Take the line containing "Ich habe hier" through the last line of the data and retype those lines exactly. Pictures do not belong in the copy.

——

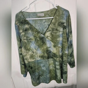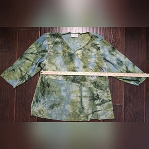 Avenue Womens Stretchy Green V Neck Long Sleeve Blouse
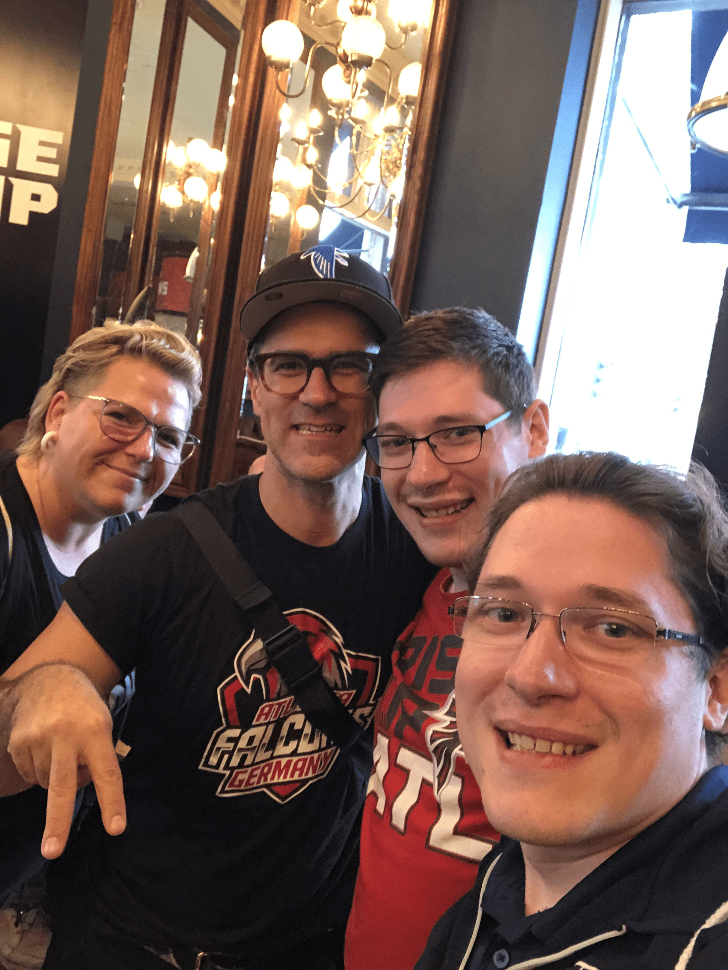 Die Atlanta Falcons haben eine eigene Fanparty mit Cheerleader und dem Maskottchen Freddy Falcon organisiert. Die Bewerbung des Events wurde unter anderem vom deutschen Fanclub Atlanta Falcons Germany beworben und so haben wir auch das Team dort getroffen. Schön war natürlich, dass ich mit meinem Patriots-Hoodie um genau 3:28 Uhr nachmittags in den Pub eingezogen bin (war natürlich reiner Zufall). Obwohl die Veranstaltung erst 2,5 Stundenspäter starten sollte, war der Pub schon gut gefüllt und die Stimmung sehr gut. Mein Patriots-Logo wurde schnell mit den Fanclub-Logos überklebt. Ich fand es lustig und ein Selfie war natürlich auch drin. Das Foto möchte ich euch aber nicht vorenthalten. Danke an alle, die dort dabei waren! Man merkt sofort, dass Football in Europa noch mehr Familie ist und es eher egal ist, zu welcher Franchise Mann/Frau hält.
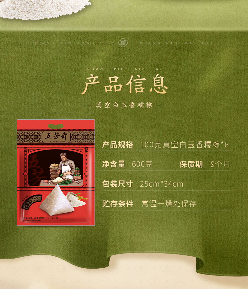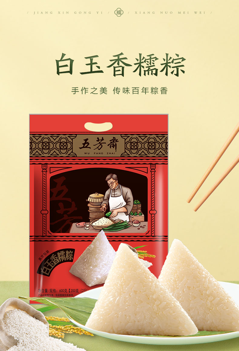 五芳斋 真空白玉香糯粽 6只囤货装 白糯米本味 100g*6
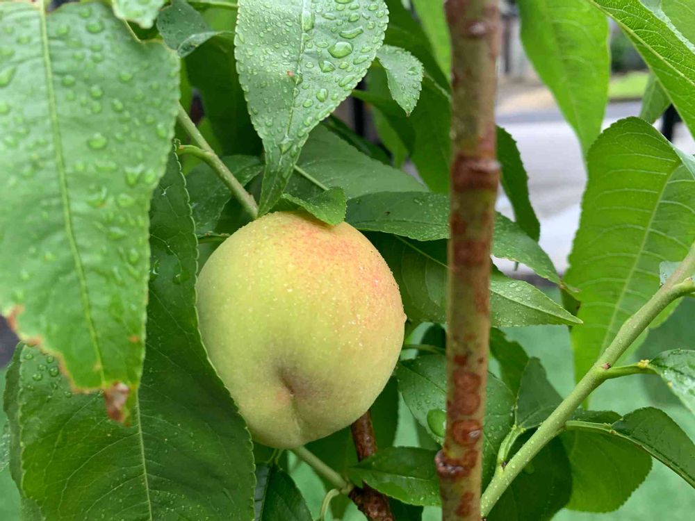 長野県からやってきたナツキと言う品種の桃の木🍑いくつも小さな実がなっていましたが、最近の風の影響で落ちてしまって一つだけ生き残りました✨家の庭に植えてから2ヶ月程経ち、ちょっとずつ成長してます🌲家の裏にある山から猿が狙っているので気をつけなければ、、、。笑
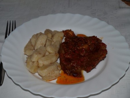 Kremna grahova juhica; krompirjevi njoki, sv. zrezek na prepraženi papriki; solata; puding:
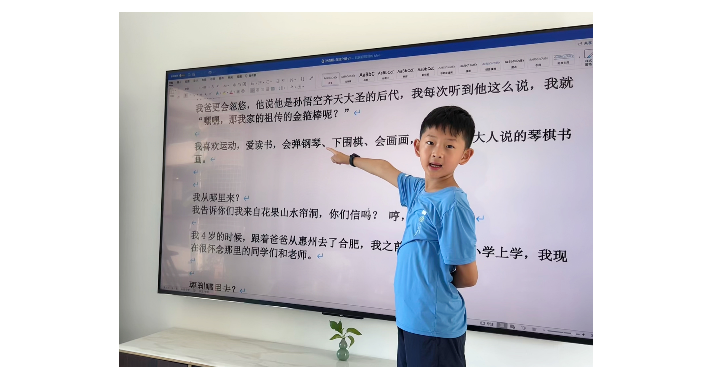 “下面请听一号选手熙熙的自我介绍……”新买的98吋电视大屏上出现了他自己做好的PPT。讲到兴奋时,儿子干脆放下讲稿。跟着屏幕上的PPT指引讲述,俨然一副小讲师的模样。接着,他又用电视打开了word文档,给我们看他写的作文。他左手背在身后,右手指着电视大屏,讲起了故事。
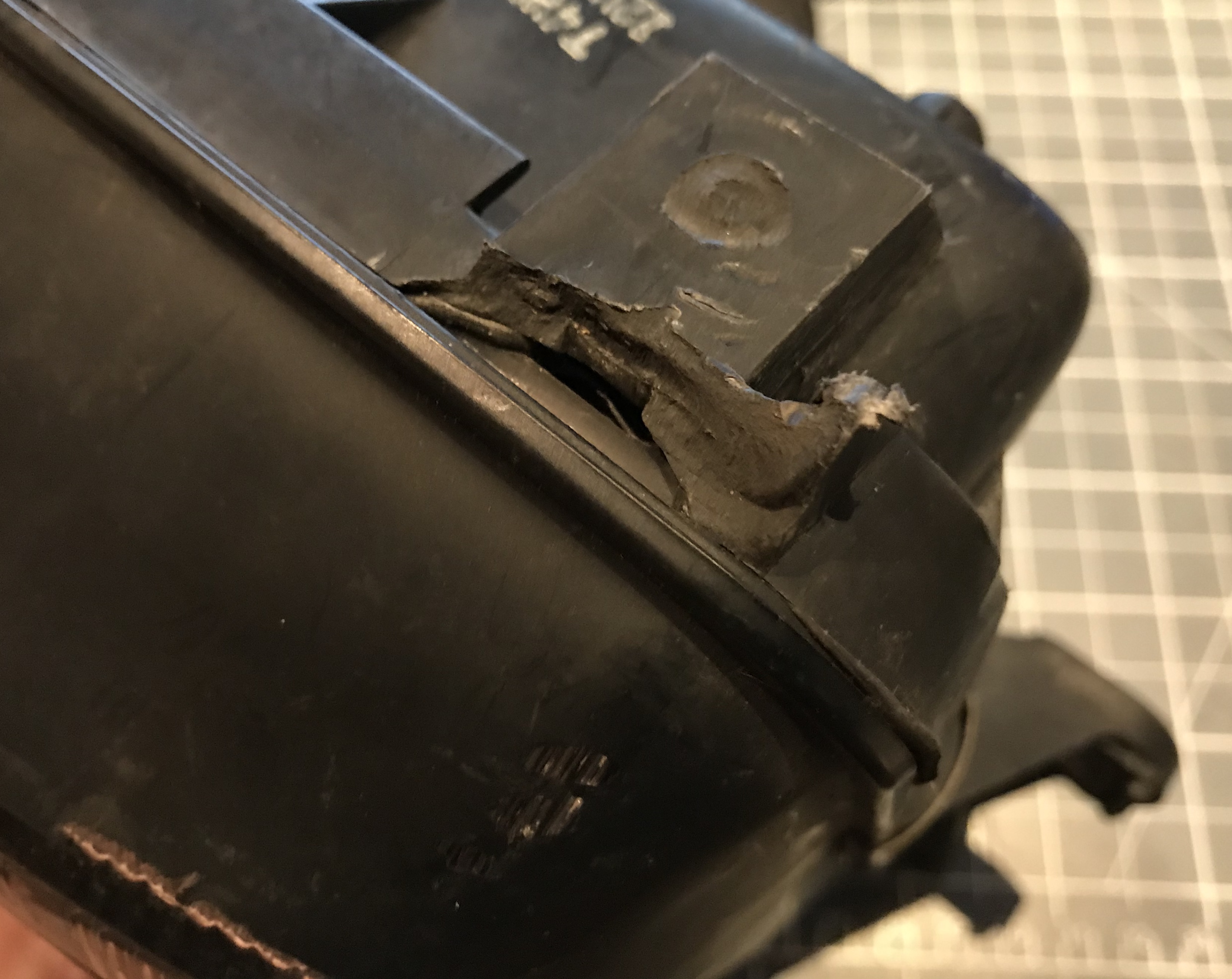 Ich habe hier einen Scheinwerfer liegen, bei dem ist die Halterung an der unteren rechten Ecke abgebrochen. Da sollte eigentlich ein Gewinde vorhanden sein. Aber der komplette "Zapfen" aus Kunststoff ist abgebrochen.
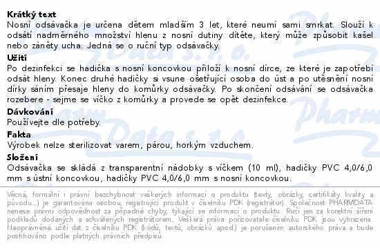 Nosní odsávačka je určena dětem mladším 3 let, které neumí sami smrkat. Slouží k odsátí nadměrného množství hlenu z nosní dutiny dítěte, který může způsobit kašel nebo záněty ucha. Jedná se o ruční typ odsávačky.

——

- _TASK OUTPUT_:
 Ich habe hier einen Scheinwerfer liegen, bei dem ist die Halterung an der unteren rechten Ecke abgebrochen. Da sollte eigentlich ein Gewinde vorhanden sein. Aber der komplette "Zapfen" aus Kunststoff ist abgebrochen.
 Nosní odsávačka je určena dětem mladším 3 let, které neumí sami smrkat. Slouží k odsátí nadměrného množství hlenu z nosní dutiny dítěte, který může způsobit kašel nebo záněty ucha. Jedná se o ruční typ odsávačky.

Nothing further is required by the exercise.